Ebbi la sensazione che gli si velassero gli occhi, ma forse era solo la penombra dell’ingresso.
“Ho sempre sognato mangiare due spaghetti aglio e oglio a mezzanotte… con il ragazzo che amo. – mormorò – Va bene alle nove?”
“Anche prima, se vuoi.”, risposi a malapena.
Stefano mi diede un bacio leggero sulla guancia e aprì la porta, facendomi l’occhiolino prima di uscire.
Rimasi a fissare la porta che si chiudeva. Imbambolato. “Con il ragazzo che amo”? Cosa intendeva? Forse che era innamorato di me? di già, che ci conoscevamo appena? E io? Io, ero innamorato di lui? Era forse già amore quel senso di vuoto che mi aveva lasciato, appena chiusa la porta? Era forse già amore quel desiderio di rivederlo appena possibile?
E soprattutto… ero pronto? Ero pronto ad amarlo, a legarmi a lui?

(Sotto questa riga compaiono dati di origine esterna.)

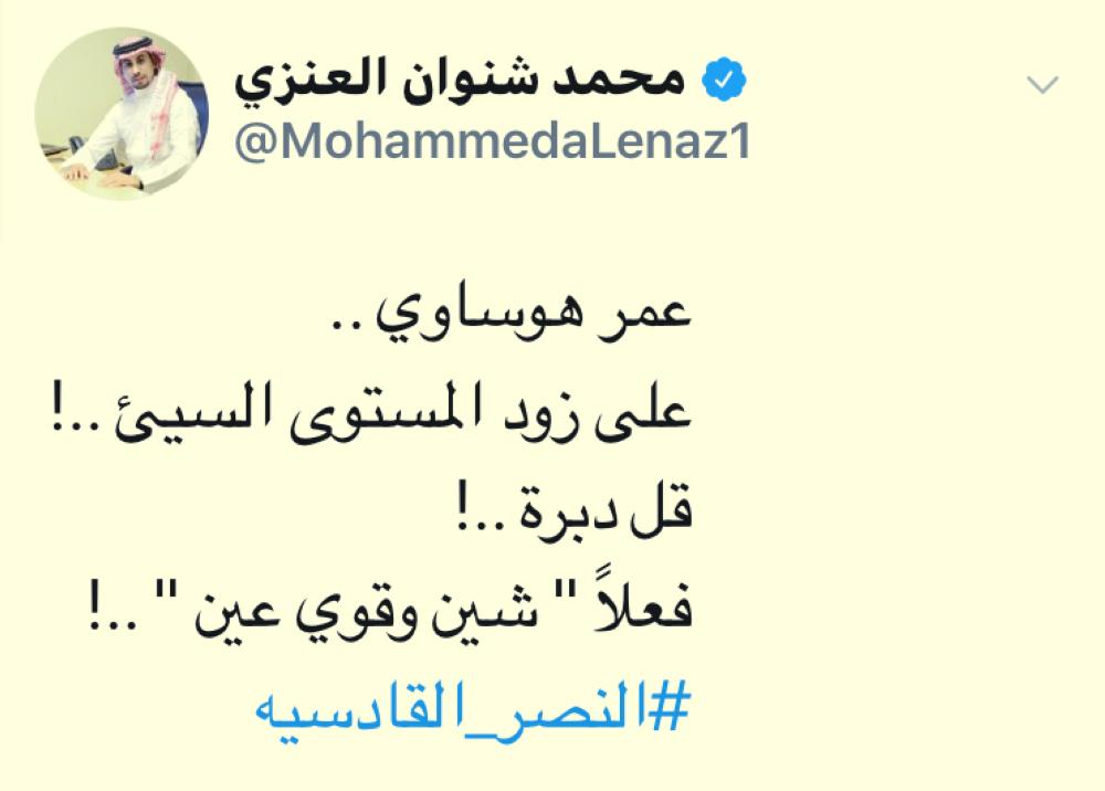 هاجم عدد من النقاد الرياضيين والإعلاميين المهتمين بالشأن النصراوي وجماهير النادي المدافع الدولي عمر هوساوي نتيجة الخطأ الذي ارتكبه في مباراة القادسية واصفين إياه بالخطأ الذي لا يغتفر، مطالبين بمحاسبته وألا يمر ما فعله مرور الكبار إذ قال طارق بن طالب:
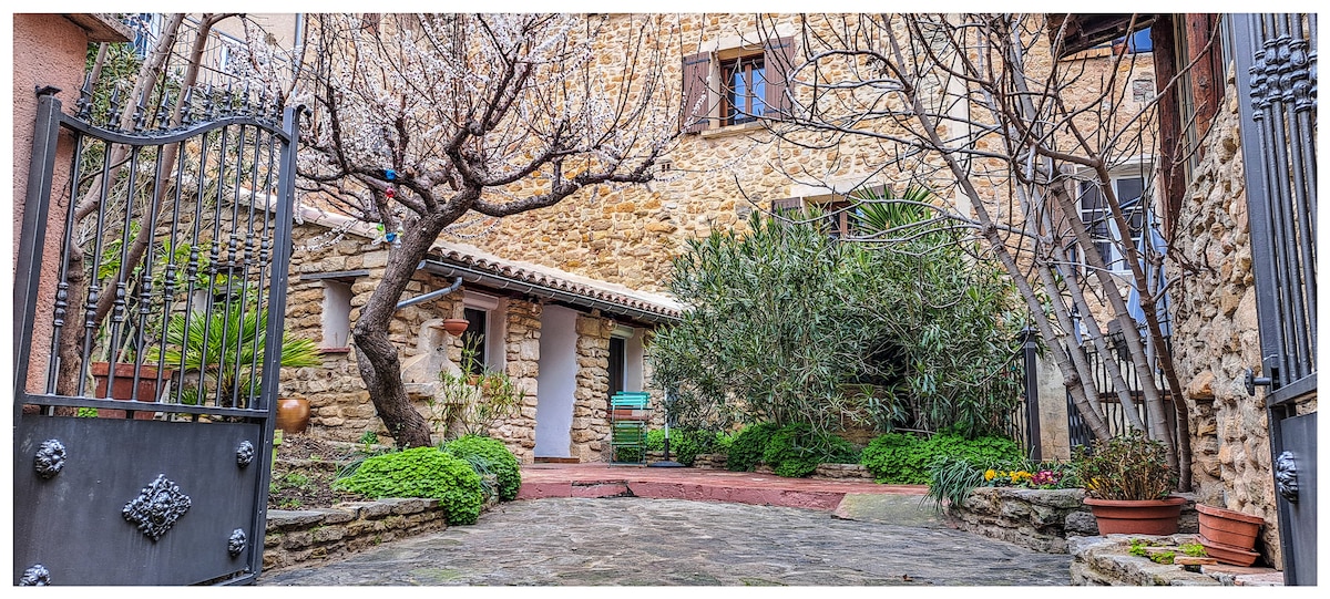 Le charme de la pierre dans un écrin de verdure avec salon de jardin et stationnement privé dans la cour . Cette maisonnette de plain pied située au cœur du village de Bédoin est proche à pied de toutes commodités; commerces, restaurants, pharmacie .Le marché provençal du lundi matin ( d'avril à octobre ) vous éblouira. C'est l'étape idéale pour les sportifs ( 3 personnes max ) cyclistes ou randonneurs amoureux du Ventoux , des gorges de La Nesque et des magnifiques paysages provençaux.
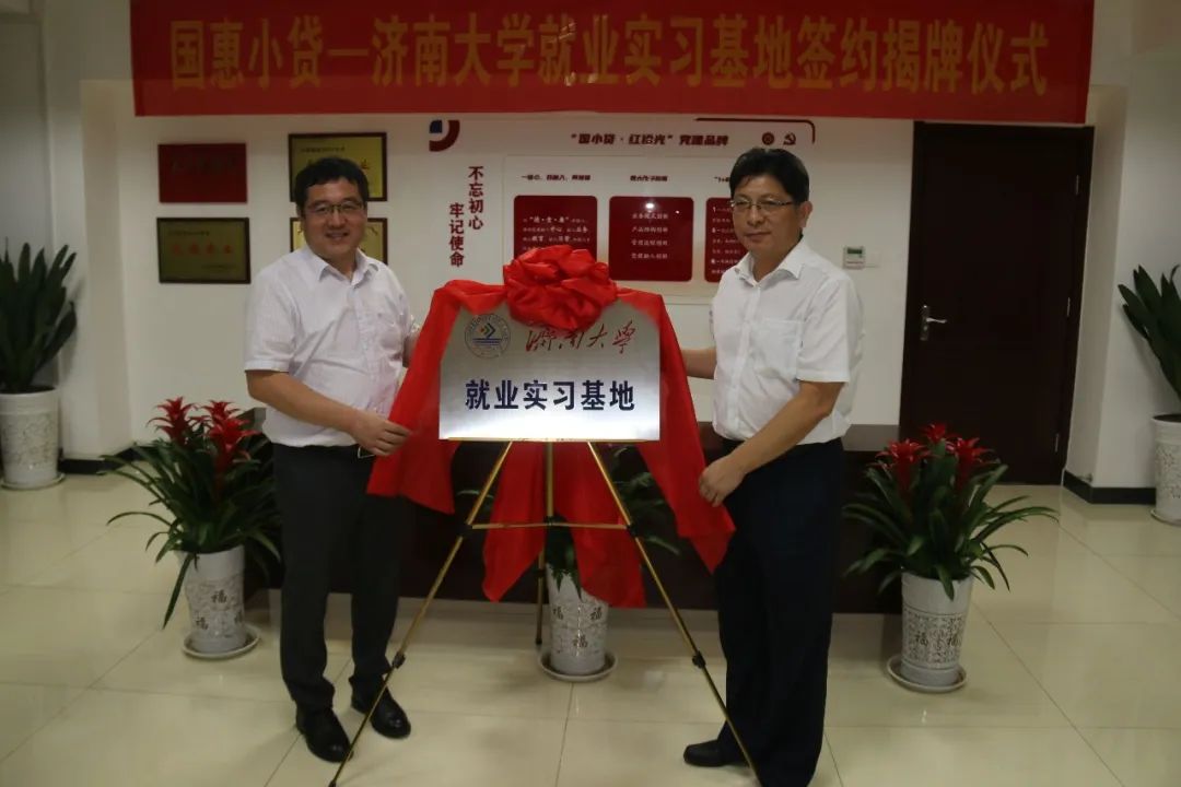 在山东国惠小额贷款有限公司,单一春介绍了公司“十四五”战略发展规划、基本情况、党建品牌、企业文化以及人才“引用育留”机制,表达了希望更多优秀毕业生加入企业的愿望。杨景波与杜冰共同为“今年会jinnian官网就业实习基地”揭牌。孙元功、单一春代表校企双方共同签署了《共建今年会jinnian官网毕业生就业基地协议书》。

Passai l’intera giornata a dibattermi in questi dubbi, a dibattermi fra l’esaltazione e la paura, finché tutta la nebbia si dissolse, non appena, poco prima delle nove, suonò il citofono e al mio “chi è”, sentii la nota voce che rispondeva:
“Sono io, posso salire?”
Mi tremavano le mani, quando schiacciai il pulsante dell’apriporta. Incapace di resistere, uscii sul giroscale, aspettai l’arrivo dell’ascensore e appena ne venne fuori, corsi ad abbracciarlo.
“Qualcuno direbbe che non vedevi l’ora che arrivassi…”, esclamò con uno strano tono di voce.
“E direbbe giusto.”, feci io, prendendolo per mano e accompagnandolo in casa.
Avrei voluto parlargli, chiedergli cosa aveva inteso quella mattina con “il ragazzo che amo”; dirgli dei miei dubbi, delle mie paure… ma non erano cose importanti, non più; così, dopo appena qualche minuto eravamo già nudi sul letto a festeggiare adeguatamente il santo patrono.
Per la cronaca, gli spaghetti aglio e oglio li mangiammo all’una e mezzo, ci scolammo una bottiglia di vino in due, tanto per recuperare un po’ di forze, e tornammo subito a letto, mezzo ubriachi, per dare il via ai fuochi d’artificio.